━━━ SOURCE DATA

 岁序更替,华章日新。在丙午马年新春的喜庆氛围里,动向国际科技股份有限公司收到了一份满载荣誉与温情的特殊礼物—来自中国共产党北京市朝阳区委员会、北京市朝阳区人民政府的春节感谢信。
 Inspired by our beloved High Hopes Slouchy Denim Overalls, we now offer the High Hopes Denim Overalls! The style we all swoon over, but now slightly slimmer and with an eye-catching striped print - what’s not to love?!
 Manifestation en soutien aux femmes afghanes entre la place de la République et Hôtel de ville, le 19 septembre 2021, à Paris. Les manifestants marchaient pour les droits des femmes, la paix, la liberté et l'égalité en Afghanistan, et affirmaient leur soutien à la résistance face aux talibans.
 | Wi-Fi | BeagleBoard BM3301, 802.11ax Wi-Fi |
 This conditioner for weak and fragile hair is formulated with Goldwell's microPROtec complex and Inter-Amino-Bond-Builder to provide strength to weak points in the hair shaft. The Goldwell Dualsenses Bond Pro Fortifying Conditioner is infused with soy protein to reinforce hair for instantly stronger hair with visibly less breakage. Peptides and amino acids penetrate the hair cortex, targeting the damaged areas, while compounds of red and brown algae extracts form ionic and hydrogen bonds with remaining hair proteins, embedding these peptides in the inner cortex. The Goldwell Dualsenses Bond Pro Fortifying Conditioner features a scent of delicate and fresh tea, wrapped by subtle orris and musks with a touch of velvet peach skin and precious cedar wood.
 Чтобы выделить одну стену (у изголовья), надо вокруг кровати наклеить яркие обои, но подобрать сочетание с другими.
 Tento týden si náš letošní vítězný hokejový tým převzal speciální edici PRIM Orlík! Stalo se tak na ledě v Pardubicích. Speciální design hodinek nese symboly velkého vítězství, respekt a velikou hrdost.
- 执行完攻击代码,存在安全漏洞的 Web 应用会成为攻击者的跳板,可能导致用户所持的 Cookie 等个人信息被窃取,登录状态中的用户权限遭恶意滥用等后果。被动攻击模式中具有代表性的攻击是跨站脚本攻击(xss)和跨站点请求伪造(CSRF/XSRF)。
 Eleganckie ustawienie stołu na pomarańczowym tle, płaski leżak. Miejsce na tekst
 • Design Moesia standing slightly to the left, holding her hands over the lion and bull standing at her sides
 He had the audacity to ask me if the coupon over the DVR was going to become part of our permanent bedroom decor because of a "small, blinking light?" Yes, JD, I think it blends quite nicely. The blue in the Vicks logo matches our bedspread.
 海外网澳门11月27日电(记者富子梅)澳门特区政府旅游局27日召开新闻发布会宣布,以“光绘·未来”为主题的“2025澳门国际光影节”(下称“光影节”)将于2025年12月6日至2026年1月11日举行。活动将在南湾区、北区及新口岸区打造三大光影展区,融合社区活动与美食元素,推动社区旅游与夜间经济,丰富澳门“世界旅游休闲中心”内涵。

━━━━━━

● DESCRIPTION OF THE TASK: Exactly the lines above from the one with "Manifestation en soutien" to the one with "at her sides", both included, are to be quoted; leave the rest out.

● SOLVED EXERCISE:
 Manifestation en soutien aux femmes afghanes entre la place de la République et Hôtel de ville, le 19 septembre 2021, à Paris. Les manifestants marchaient pour les droits des femmes, la paix, la liberté et l'égalité en Afghanistan, et affirmaient leur soutien à la résistance face aux talibans.
 | Wi-Fi | BeagleBoard BM3301, 802.11ax Wi-Fi |
 This conditioner for weak and fragile hair is formulated with Goldwell's microPROtec complex and Inter-Amino-Bond-Builder to provide strength to weak points in the hair shaft. The Goldwell Dualsenses Bond Pro Fortifying Conditioner is infused with soy protein to reinforce hair for instantly stronger hair with visibly less breakage. Peptides and amino acids penetrate the hair cortex, targeting the damaged areas, while compounds of red and brown algae extracts form ionic and hydrogen bonds with remaining hair proteins, embedding these peptides in the inner cortex. The Goldwell Dualsenses Bond Pro Fortifying Conditioner features a scent of delicate and fresh tea, wrapped by subtle orris and musks with a touch of velvet peach skin and precious cedar wood.
 Чтобы выделить одну стену (у изголовья), надо вокруг кровати наклеить яркие обои, но подобрать сочетание с другими.
 Tento týden si náš letošní vítězný hokejový tým převzal speciální edici PRIM Orlík! Stalo se tak na ledě v Pardubicích. Speciální design hodinek nese symboly velkého vítězství, respekt a velikou hrdost.
- 执行完攻击代码,存在安全漏洞的 Web 应用会成为攻击者的跳板,可能导致用户所持的 Cookie 等个人信息被窃取,登录状态中的用户权限遭恶意滥用等后果。被动攻击模式中具有代表性的攻击是跨站脚本攻击(xss)和跨站点请求伪造(CSRF/XSRF)。
 Eleganckie ustawienie stołu na pomarańczowym tle, płaski leżak. Miejsce na tekst
 • Design Moesia standing slightly to the left, holding her hands over the lion and bull standing at her sides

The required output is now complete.